In multi-layer perceptrons we require activation functions with continuous gradients so that their derivatives are significant.

Using a threshold would not be acceptable as it isn’t continuous.

Both of the following functions create small derivatives when used in large networks.
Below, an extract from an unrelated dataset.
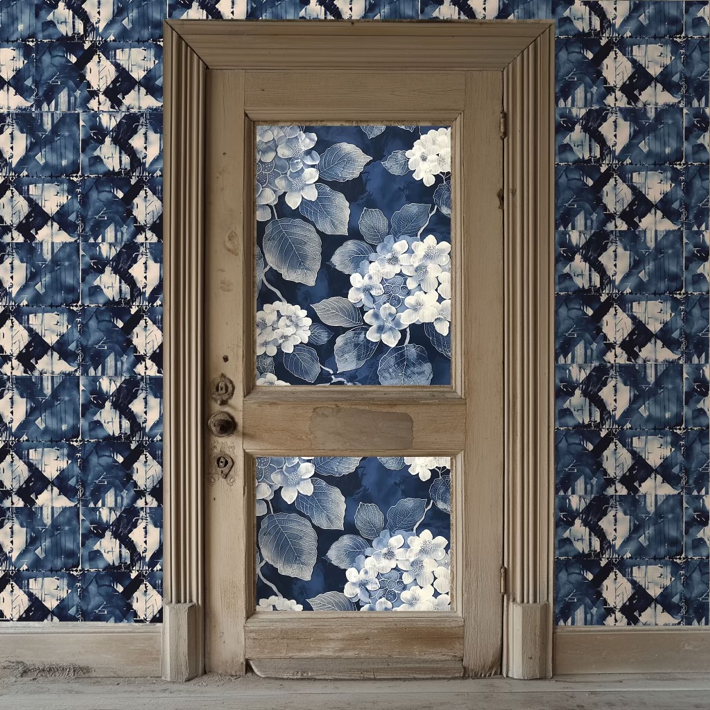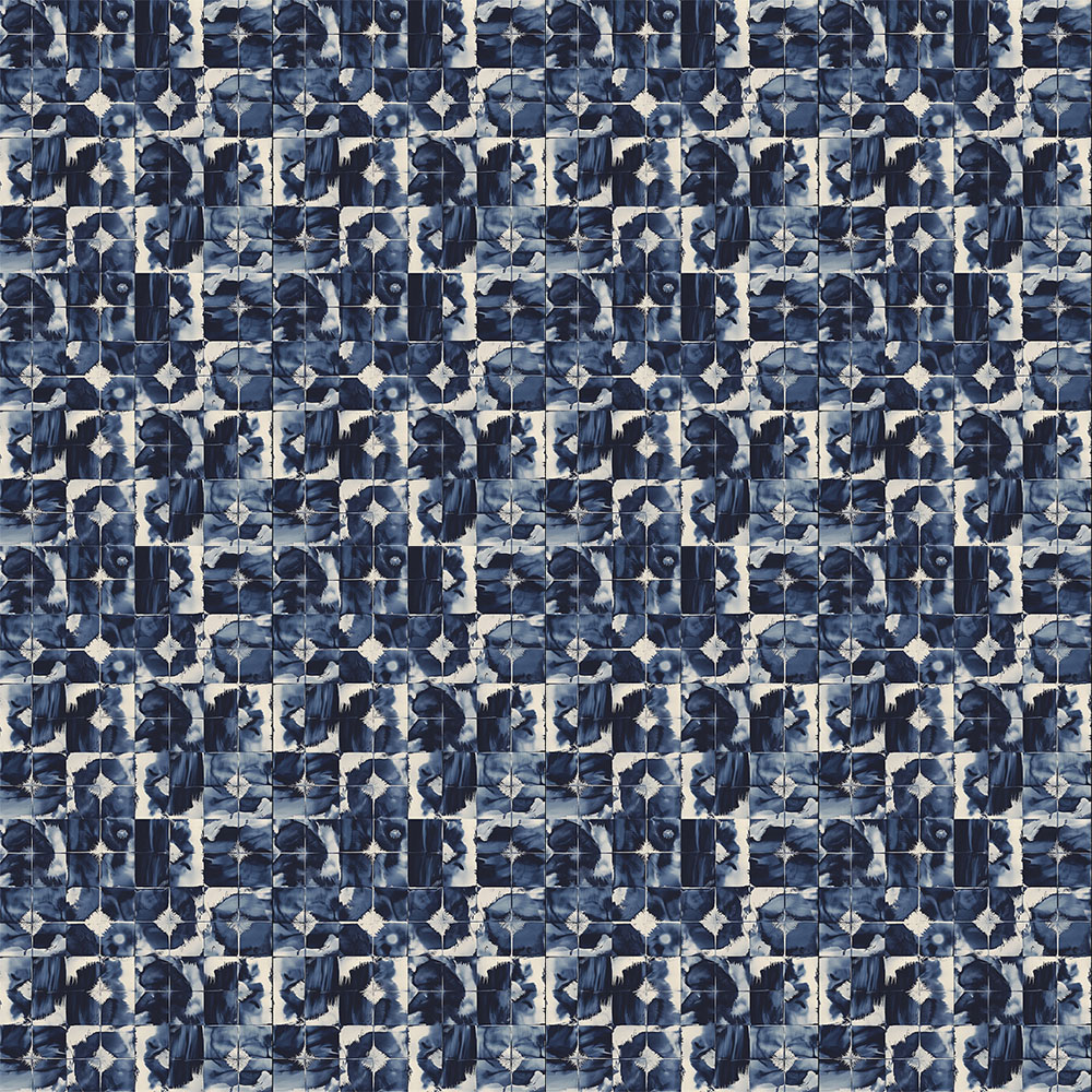 Available individually (one 48×48 cm sheet of wallpaper) or in a box of 16 sheets of wallpaper Unique artistic rendering, inspired by Japanese cyanotypes and shibori Easy to hang or frame.

Leaky ReLU may be a better option in those applications.

This is given by the following function:

\[\phi(z)=\frac1{1+\exp(-\alpha z)}\]

The derivative of this function is:

\[\phi'(v_j(n))=\alpha y_j(n)(1-y_i(n))\]

This can be derived by working out the partial derivatives for $\frac{\partial\phi}{\partial z}$.

This function $\tanh$ is readily available and has range of $(-1, 1)$ as opposed to $(0, 1)$ for sigmoid.

We can combine it with the scalars $\alpha$ and $\beta$ like so:

\[\phi_j(v_j(n))=\alpha\tanh\left(\beta v_j(n)\right)\]

It derivative is:

\[\phi'_j\left(v_j(n)\right)=\frac\beta\alpha\left(\alpha^2-y^2_j(n)\right)\]

Sequential training mode (also known as stochastic gradient descent) adjust weights after each input.
Batch training mode sums the errors across all samples and adjusts the weights after running all the input patterns.

A combination of the two is called mini batch which has smaller batch sizes:

This reduces storage requirements over batch training, produces better gradients than sequential and avoids local minima better than sequential.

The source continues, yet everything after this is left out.